▶ **WHAT YOU NEED TO DO**: An exact copy of every entry is needed, with the images left out.
◆ ◆ ◆ ◆
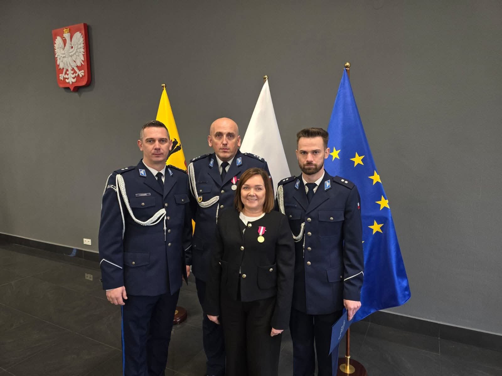 Podczas wydarzenia wręczono również odznaczenia państwowe i resortowe, w tym Medale za Długoletnią Służbę, Medale za Zasługi dla Policji oraz odznaki „Zasłużony Policjant”. Medal Złoty za Długoletnią Służbę otrzymała Barbara Jank, pracownik Komendy Powiatowej Policji w Kartuzach.
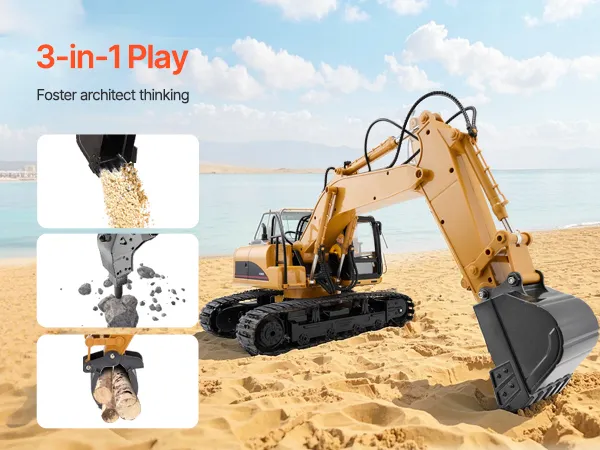 Immersive Experience: The remote control digger excavator arm is equipped with 3 independent motors for precise control over the large arm, small arm, and bucket to dig sand, gravel, and more, providing a closer-to-life excavation experience.
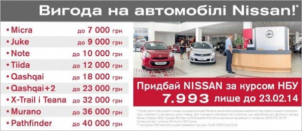*Имеется ввиду разница между стандартной и специальной ценой на автомобили Nissan, которая действует с 01.01.14 по 28.02.14 в официального дилера Nissan в Украине ООО «ВиДи Санрайз Моторз» на ул. Большая Кольцевая, 60а.
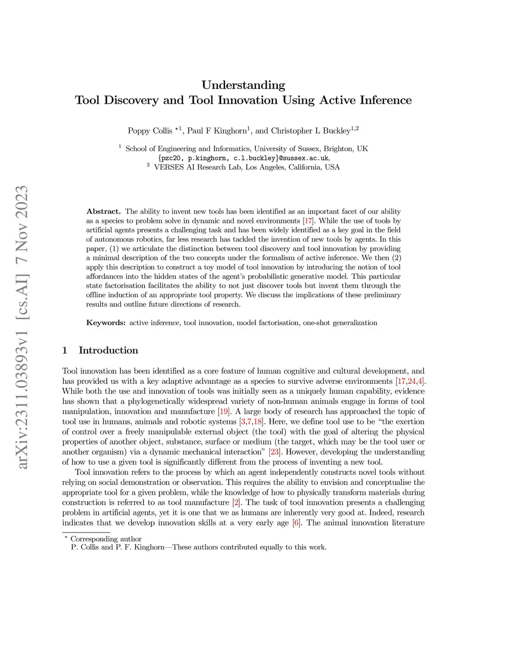 Understanding Tool Discovery and Tool Innovation Using Active Inference
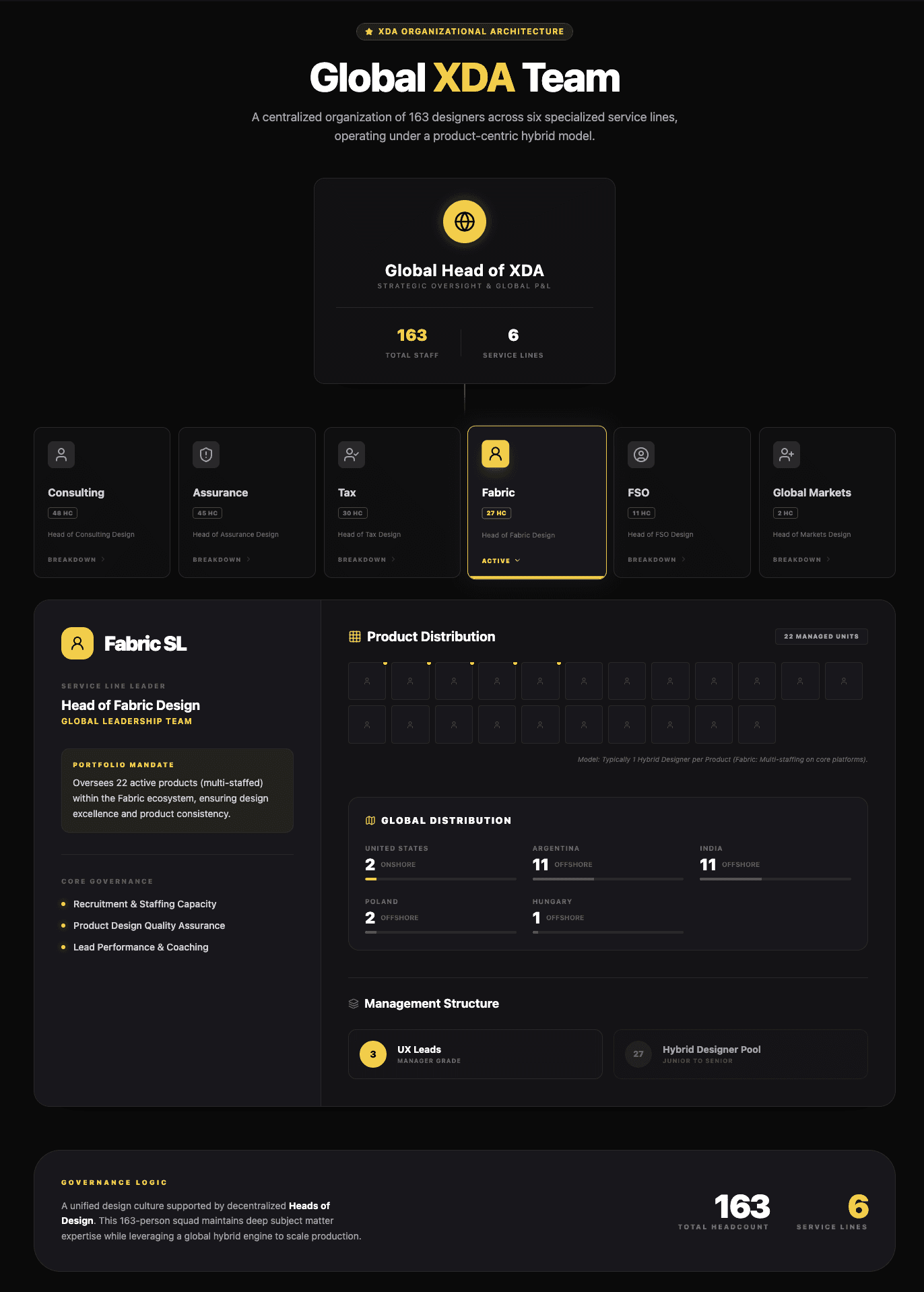 As EY’s digital investment accelerated, our leadership identified a pivotal opportunity to harmonize the firm’s Client Technology Global footprint. At the time, design efforts were decentralized, leading to fragmented user experiences across a massive portfolio of more than 100+ global products. The mission was to evolve this landscape into a mature, unified XD organization. We aimed to move beyond siloed delivery to create a "Single Source of Truth" that would empower every product team within the global footprint to build with consistency, accessibility, and speed.
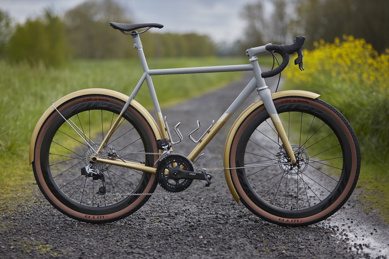 这是最经典的款式,搭配起来毫无违和感。全长挡泥板可以覆盖车轮的大部分,不仅可以保证自己干净,还能保证后面的人不被自己甩出的泥水溅到,可以说是非常友好了。只是对车架的要求比较高,现在市面上除了旅行车大部分车架都不支持这种挡泥板,不过用一些小配件也能解决。至于前后叉间隙够不够就真的只能看人品了……那些破风架什么的就死了这条心吧。
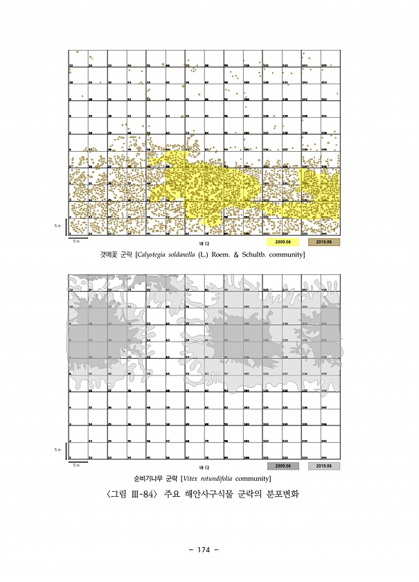 174 갯메꽃 군락 [Calystegia soldanella L. Roem. & Schultb. community] 순비기나무 군락 [Vitex rotundifolia community] 그림 Ⅲ-84 주요 해안사구식물 군락의분포변화
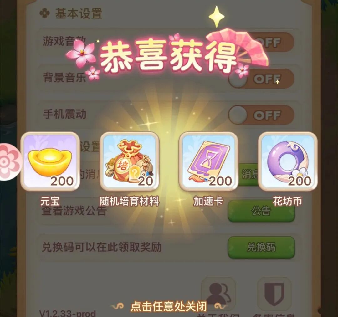 【花影流光】:兑换鸳鸯茉莉和赤焰火焰兰,培育完成后领取花瓶。
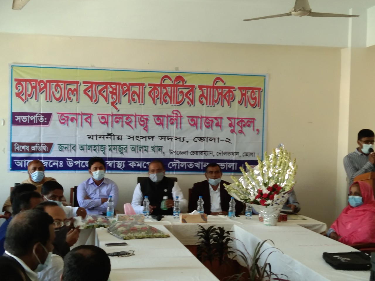 দৌলতখান প্রতিনিধি : ভোলা-২ (দৌলতখান-বোরহানউদ্দিন) আসনের সংসদ সদস্য আলী আজম মুকুল বলেছেন, শেখ হাসিনা সরকার স্বাস্থ্য বান্ধব সরকার। প্রধানমন্ত্রী শেখ হাসিনা স্বাস্থ্যসেবা নিশ্চিত করে জনগণের দোরগোড়ায় পৌঁছে দিয়েছেন। সোমবার দৌলতখান হাসপাতাল ব্যবস্থাপনা কমিটির মাসিক সভায় প্রধান অতিথির বক্তব্যে তিনি এসব কথা বলেন। এর আগে হাসপাতালে কর্তব্যরত চিকিৎসকরা এমপি মুকুলকে ফুলের শুভেচ্ছা জানান। পরে স্বাস্থ্য সহকারীরা ক্রেষ্ট দিয়ে সম্মাননা করেন। এসময় বক্তব্য রাখেন, উপজেলা চেয়ারম্যান মনজুর আলম খান, নির্বাহী কর্মকর্তা কাওছার হোসেন, উপজেলা স্বাস্থ্য ও পরিবার পরিকল্পনা কর্মকর্তা ডাঃ আনিসুর রহমান।
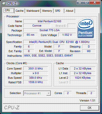 | Разгон, максимально стабильная частота (FSB x Ratio) | 3501 (389 x 9.0) |
◆ ◆ ◆ ◆
▶ **OUTPUT**:
 Podczas wydarzenia wręczono również odznaczenia państwowe i resortowe, w tym Medale za Długoletnią Służbę, Medale za Zasługi dla Policji oraz odznaki „Zasłużony Policjant”. Medal Złoty za Długoletnią Służbę otrzymała Barbara Jank, pracownik Komendy Powiatowej Policji w Kartuzach.
 Immersive Experience: The remote control digger excavator arm is equipped with 3 independent motors for precise control over the large arm, small arm, and bucket to dig sand, gravel, and more, providing a closer-to-life excavation experience.
*Имеется ввиду разница между стандартной и специальной ценой на автомобили Nissan, которая действует с 01.01.14 по 28.02.14 в официального дилера Nissan в Украине ООО «ВиДи Санрайз Моторз» на ул. Большая Кольцевая, 60а.
 Understanding Tool Discovery and Tool Innovation Using Active Inference
 As EY’s digital investment accelerated, our leadership identified a pivotal opportunity to harmonize the firm’s Client Technology Global footprint. At the time, design efforts were decentralized, leading to fragmented user experiences across a massive portfolio of more than 100+ global products. The mission was to evolve this landscape into a mature, unified XD organization. We aimed to move beyond siloed delivery to create a "Single Source of Truth" that would empower every product team within the global footprint to build with consistency, accessibility, and speed.
 这是最经典的款式,搭配起来毫无违和感。全长挡泥板可以覆盖车轮的大部分,不仅可以保证自己干净,还能保证后面的人不被自己甩出的泥水溅到,可以说是非常友好了。只是对车架的要求比较高,现在市面上除了旅行车大部分车架都不支持这种挡泥板,不过用一些小配件也能解决。至于前后叉间隙够不够就真的只能看人品了……那些破风架什么的就死了这条心吧。
 174 갯메꽃 군락 [Calystegia soldanella L. Roem. & Schultb. community] 순비기나무 군락 [Vitex rotundifolia community] 그림 Ⅲ-84 주요 해안사구식물 군락의분포변화
 【花影流光】:兑换鸳鸯茉莉和赤焰火焰兰,培育完成后领取花瓶。
 দৌলতখান প্রতিনিধি : ভোলা-২ (দৌলতখান-বোরহানউদ্দিন) আসনের সংসদ সদস্য আলী আজম মুকুল বলেছেন, শেখ হাসিনা সরকার স্বাস্থ্য বান্ধব সরকার। প্রধানমন্ত্রী শেখ হাসিনা স্বাস্থ্যসেবা নিশ্চিত করে জনগণের দোরগোড়ায় পৌঁছে দিয়েছেন। সোমবার দৌলতখান হাসপাতাল ব্যবস্থাপনা কমিটির মাসিক সভায় প্রধান অতিথির বক্তব্যে তিনি এসব কথা বলেন। এর আগে হাসপাতালে কর্তব্যরত চিকিৎসকরা এমপি মুকুলকে ফুলের শুভেচ্ছা জানান। পরে স্বাস্থ্য সহকারীরা ক্রেষ্ট দিয়ে সম্মাননা করেন। এসময় বক্তব্য রাখেন, উপজেলা চেয়ারম্যান মনজুর আলম খান, নির্বাহী কর্মকর্তা কাওছার হোসেন, উপজেলা স্বাস্থ্য ও পরিবার পরিকল্পনা কর্মকর্তা ডাঃ আনিসুর রহমান।
 | Разгон, максимально стабильная частота (FSB x Ratio) | 3501 (389 x 9.0) |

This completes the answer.